本当に、子どもの頃ふつうに食べていたのが不思議でならない…
自分を含めた人間社会を観察する文化人類学の視点では、摂食障害もひとつの面白い対象に見えるのでとても心地いいです。
シンポジウムには栄養士さんや医療者の方など専門家も多かったようだし、他の人がどう思ってるのかちょっと気になりました。
近くの人と少し考えをシェアする時間があってもよかったかも。
あと、終了後の昼食懇親会に勢いあまって申し込んだものの、食事風景をシミュレーションしてどんどんナーバスになっていたら、最後に「悪天候のため中止です」と。
最初に言ってくれてたら…!
中止でほっとしてしまいました。いやはや。
とにかく、行ってよかったです。
9/30「食の多元的意味」を考えるシンポジウム
面白そうだなと思って申し込んでおいたシンポジウム、台風接近の中、行ってきました。
糖尿病と摂食障害をともに「意味づけられた〈食〉」として同じ場で語るという試みが新鮮。
糖尿病を生活習慣病と呼び、個人の努力によってコントロール可能であるとする考え方は20年くらい前から広まったらしい。
糖尿病も1型と2型とで悩みはずいぶん違う。
自分が共感しやすいのは、自己責任と思われがちの2型の方で。
でも1型の人が、子供の頃から食を親にコントロールされていたのに気付いて大人になってから食の経験を取り戻そうと思ったという話にはぐっときた。
2型糖尿病の人は、診断を受けてからストイック過ぎるくらい糖質制限をして、食べたい欲求と闘ってきたけど仕事が変わったストレスでリバウンドしてしまった。
「メンタルが平穏でないと糖質制限を続けられない」と。
糖尿病(特に2型)は、正直な身体を相手にし続け、医療者に観察され続ける。
普通に食べるという形式の中で欲求を常にコントロールしなければいけないし、正しい食べ方をしたかどうかが後から数値で知られてしまう。
後からしか分からない。自分では分からない。これは耐えがたい気がする。
今すぐなんとかしたいし、自分で把握したい。
摂食障害だと、食べ過ぎたら吐くとか拒食とか下剤とか、欲求(歪んでたとしても)のままにすぐさま身体のほうの辻褄を合わせていて、ずるいのである。
そして待つことができない。
本当は、ここで自分が当事者だからといって「摂食障害の人は〇〇だ」と書くべきじゃない。
私の摂食障害はこう、というところまでしか言えない。
それはシンポジウム後半の摂食障害の話を聞いて思ったことでした。
まだ頭を整理できていないので、今日はここまで。
第3回ミーティング(という名の読書タイム)
おととい、土曜日の午前中に設定したミーティングは…私以外の参加者ゼロでした!
でもショックというよりは、そりゃそうだよねーというか、
自助グループあるある(誰も来ないのも覚悟すべし)を一つ経験できたということで。
むしろ今まで来てもらえてたのが奇跡だったのでは。
こんな部屋でした。18人席がせつないのでせめて明るく加工。
隣の部屋ではカリグラフィー教室のマダムたちの、向こうの部屋ではママの会の活動が行われていました。

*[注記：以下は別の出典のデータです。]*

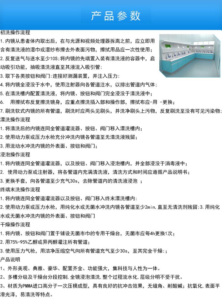 內鏡一體化清洗工作站是嚴格按照衛生部《內鏡清洗消毒技術規范( 2004年版)》的要求精心設計,產品本著人性化與自動化理念,有引進國內外設備和設計理念,人性化關懷更強,充分體現了人機的結合。內窺鏡清洗工作站規范化的生產程序包括:選材、配料、模具、成型,打磨、加固、拼裝破壞性實驗檢測、裝飾裝修等:產品力求精益求精,到客戶滿意為止。多種組合方式,靈活方便,滿足不同醫院房間的需求,不同診療規模,不同的洗消習慣等,為每一家醫院和科室量身打造,普通、標準、豪華由您掌控 !您的滿意就是我們的追求!

誰か来るかも、いやもう来ないか、と思いながら静かな会議室で本を読むのはけっこういい時間でした。
食べ物のない少し緊張感のある環境に2時間ちゃんと居続けることができたという、ひそか過ぎる達成感。。
もちろん、誰か来てくれたらいちばん嬉しいのですが。
ということで、懲りずに来月もやります!
[日時]2018年10月20日(土)18:00~20:00
[場所]多摩平交流センター集会室3‐3
よろしければぜひ。お待ちしてます。
第2回ミーティング報告と次回のこと
先週、2回目のミーティングでした。
お一人の参加者の方と、色々おしゃべりしました。
自助グループをやる意味があるんだろうか?というような話もしました。
摂食障害の治り方は人によってばらばらで、自助グループに行かなくてもいい人もいるし、参加してぴったりはまる人もいる。

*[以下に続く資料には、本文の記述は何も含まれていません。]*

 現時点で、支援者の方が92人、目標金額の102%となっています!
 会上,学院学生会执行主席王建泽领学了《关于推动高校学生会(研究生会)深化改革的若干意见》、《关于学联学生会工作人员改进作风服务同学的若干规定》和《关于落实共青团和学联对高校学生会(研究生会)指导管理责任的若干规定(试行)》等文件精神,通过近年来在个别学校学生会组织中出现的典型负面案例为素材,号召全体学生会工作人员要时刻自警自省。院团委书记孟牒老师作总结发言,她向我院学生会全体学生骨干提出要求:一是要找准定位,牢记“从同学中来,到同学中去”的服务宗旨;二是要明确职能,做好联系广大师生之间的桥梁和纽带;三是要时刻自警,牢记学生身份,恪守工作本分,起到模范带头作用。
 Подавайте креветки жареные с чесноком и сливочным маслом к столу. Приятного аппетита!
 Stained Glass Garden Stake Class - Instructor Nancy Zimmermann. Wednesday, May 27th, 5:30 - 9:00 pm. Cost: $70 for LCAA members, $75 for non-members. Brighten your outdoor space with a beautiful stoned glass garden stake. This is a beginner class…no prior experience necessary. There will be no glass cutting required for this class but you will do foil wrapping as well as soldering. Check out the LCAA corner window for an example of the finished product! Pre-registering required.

いろんなグループがあるから、勇気を出して参加しても合わないこともある。
合わなくても仕方ない。かえってストレスになるかもしれない。
でも少しだけ楽になったりするといいなとは思います。
自分で自助グループに行ったことは2回くらいしかありません。
すごく癒されたこともあったけど、そのときも帰ったら過食嘔吐していたし(というか今もずっとだけど)。
人と会うのはストレスなのに何かを求めて行っていたんだろうな。そして今も。
結局、ミーティングに来てくれる人のためなんて全然思っていなくて、自分のためにやっているんだなぁと再確認しました…
また来月も予定しています!
[日時]2018年9月22日(土)10:00~12:00
[場所]多摩平交流センター 集会室3‐1
今度は土曜日の午前中にしてみました。
よろしくお願いします。
第2回ミーティング
こんにちは。
夏休みの間、ひさしぶりに小説を読みました。
『蜜蜂』(マヤ・ルンデ作)という本です。
蜜蜂が絶滅してしまって農作物が受粉できず、食料危機で荒廃した近未来が描かれています。

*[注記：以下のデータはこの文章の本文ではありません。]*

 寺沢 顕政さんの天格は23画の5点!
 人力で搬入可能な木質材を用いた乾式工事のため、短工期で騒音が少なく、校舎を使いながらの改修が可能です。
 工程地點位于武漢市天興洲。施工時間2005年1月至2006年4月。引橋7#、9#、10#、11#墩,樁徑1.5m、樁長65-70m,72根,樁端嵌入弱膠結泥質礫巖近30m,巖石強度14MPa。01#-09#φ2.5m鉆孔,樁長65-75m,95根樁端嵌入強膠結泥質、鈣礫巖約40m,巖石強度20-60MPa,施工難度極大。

実際に近年起こっている蜜蜂の大量死がネタになっていて、妙なリアリティがありました。
自分の病気は飽食の時代のせいだ、と思うことがあります。
食べものがない世の中になったら、摂食障害はなくなるでしょうか?
豪雨や地震といった災害のとき避難所の様子をテレビで見ると、この中に摂食障害の人がどれだけいるだろうかと思ったりします。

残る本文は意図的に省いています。